*Data for the task:*
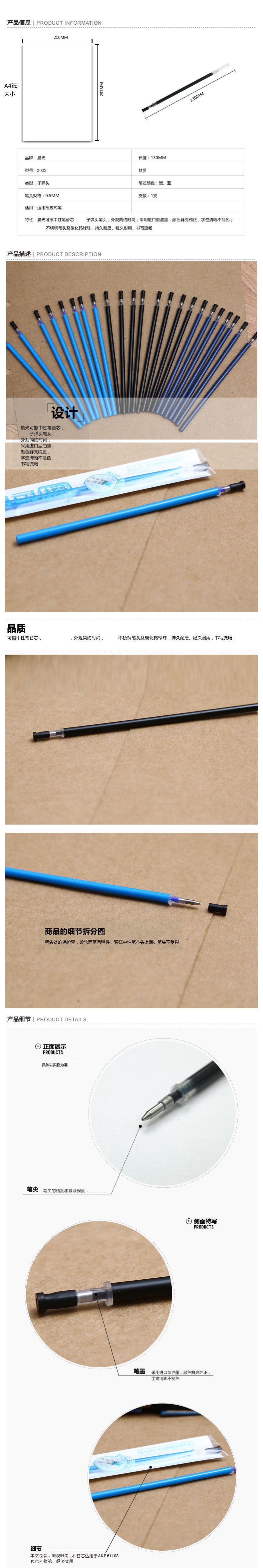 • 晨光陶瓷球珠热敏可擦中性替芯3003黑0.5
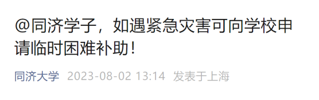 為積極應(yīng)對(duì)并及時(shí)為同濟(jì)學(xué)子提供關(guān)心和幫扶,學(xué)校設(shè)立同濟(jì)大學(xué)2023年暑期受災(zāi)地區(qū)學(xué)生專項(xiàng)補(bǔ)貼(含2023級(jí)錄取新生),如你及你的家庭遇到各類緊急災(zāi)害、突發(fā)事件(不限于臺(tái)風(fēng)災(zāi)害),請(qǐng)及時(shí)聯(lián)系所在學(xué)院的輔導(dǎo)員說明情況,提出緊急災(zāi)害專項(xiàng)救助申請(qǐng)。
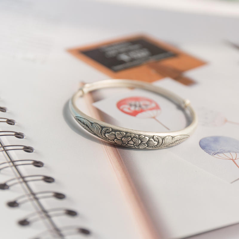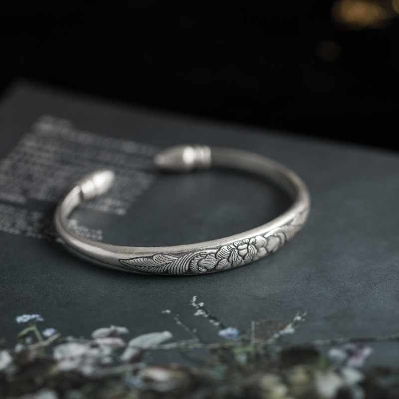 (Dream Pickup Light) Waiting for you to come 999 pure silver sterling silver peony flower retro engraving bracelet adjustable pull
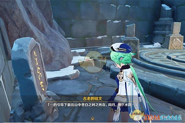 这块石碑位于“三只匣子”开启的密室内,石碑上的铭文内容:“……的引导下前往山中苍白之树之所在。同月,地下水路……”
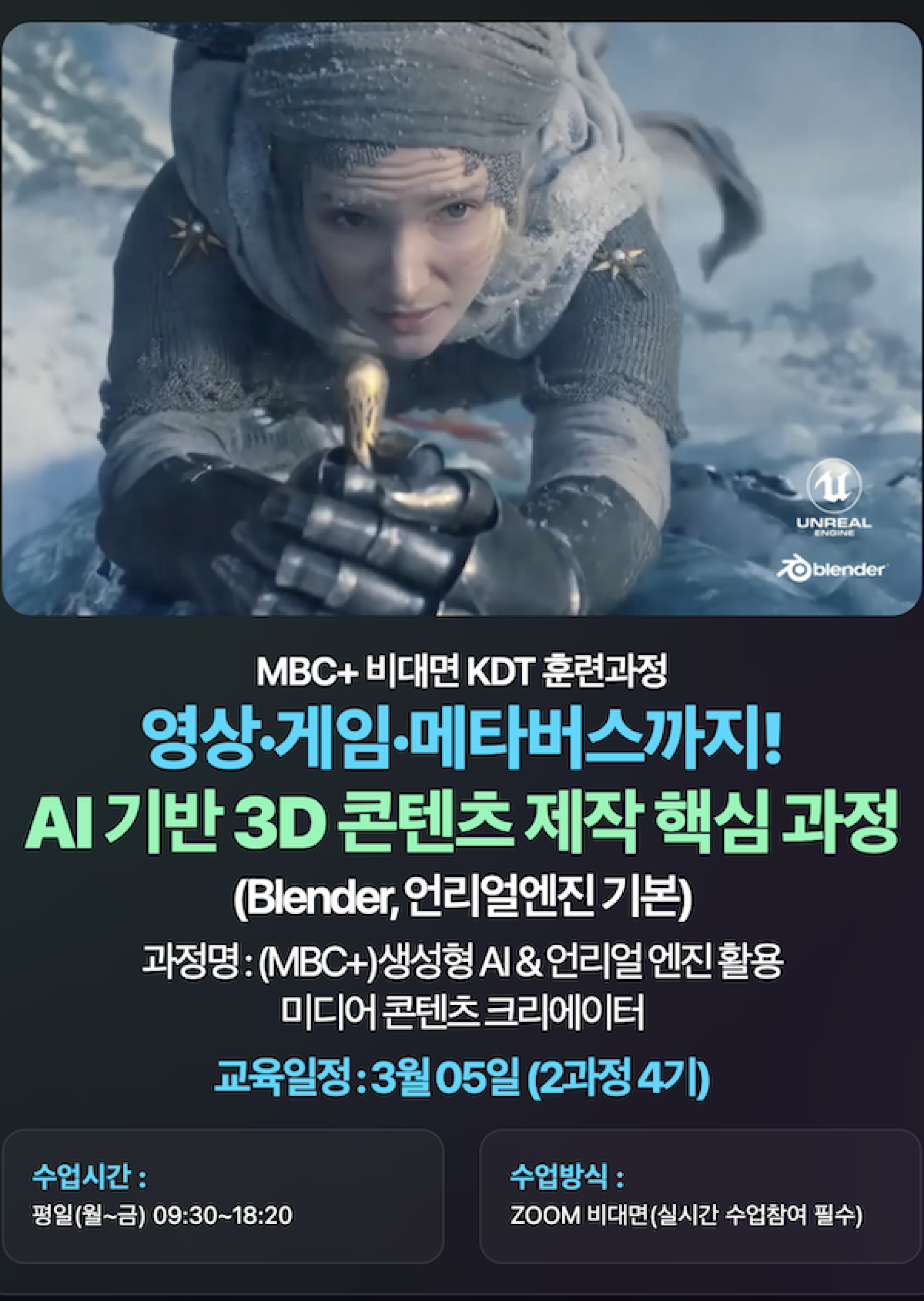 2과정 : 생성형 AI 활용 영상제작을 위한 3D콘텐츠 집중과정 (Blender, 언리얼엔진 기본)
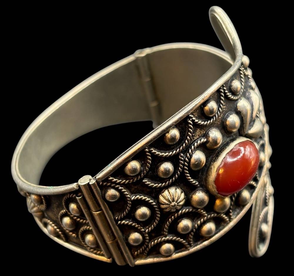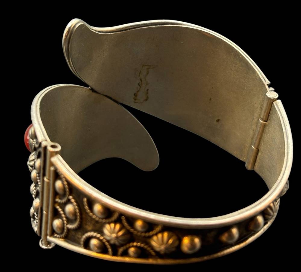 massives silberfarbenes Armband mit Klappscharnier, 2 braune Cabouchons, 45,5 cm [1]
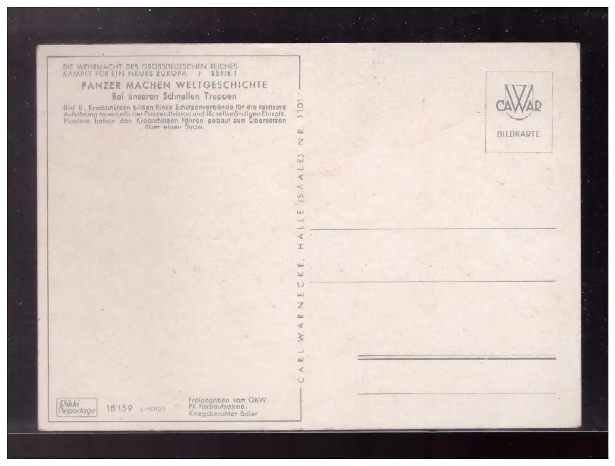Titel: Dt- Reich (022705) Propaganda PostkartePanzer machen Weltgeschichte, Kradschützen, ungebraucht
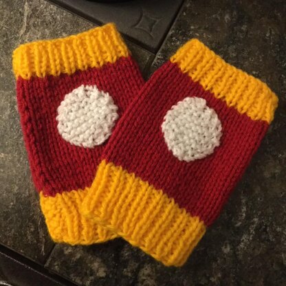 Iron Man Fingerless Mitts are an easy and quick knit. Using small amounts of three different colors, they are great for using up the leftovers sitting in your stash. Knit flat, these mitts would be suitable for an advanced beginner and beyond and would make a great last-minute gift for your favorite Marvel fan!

*Directions for this task:* Transcribe every entry exactly. Leave out the pictures.

*Solution:*
 • 晨光陶瓷球珠热敏可擦中性替芯3003黑0.5
 為積極應(yīng)對(duì)并及時(shí)為同濟(jì)學(xué)子提供關(guān)心和幫扶,學(xué)校設(shè)立同濟(jì)大學(xué)2023年暑期受災(zāi)地區(qū)學(xué)生專項(xiàng)補(bǔ)貼(含2023級(jí)錄取新生),如你及你的家庭遇到各類緊急災(zāi)害、突發(fā)事件(不限于臺(tái)風(fēng)災(zāi)害),請(qǐng)及時(shí)聯(lián)系所在學(xué)院的輔導(dǎo)員說明情況,提出緊急災(zāi)害專項(xiàng)救助申請(qǐng)。
 (Dream Pickup Light) Waiting for you to come 999 pure silver sterling silver peony flower retro engraving bracelet adjustable pull
 这块石碑位于“三只匣子”开启的密室内,石碑上的铭文内容:“……的引导下前往山中苍白之树之所在。同月,地下水路……”
 2과정 : 생성형 AI 활용 영상제작을 위한 3D콘텐츠 집중과정 (Blender, 언리얼엔진 기본)
 massives silberfarbenes Armband mit Klappscharnier, 2 braune Cabouchons, 45,5 cm [1]
Titel: Dt- Reich (022705) Propaganda PostkartePanzer machen Weltgeschichte, Kradschützen, ungebraucht
 Iron Man Fingerless Mitts are an easy and quick knit. Using small amounts of three different colors, they are great for using up the leftovers sitting in your stash. Knit flat, these mitts would be suitable for an advanced beginner and beyond and would make a great last-minute gift for your favorite Marvel fan!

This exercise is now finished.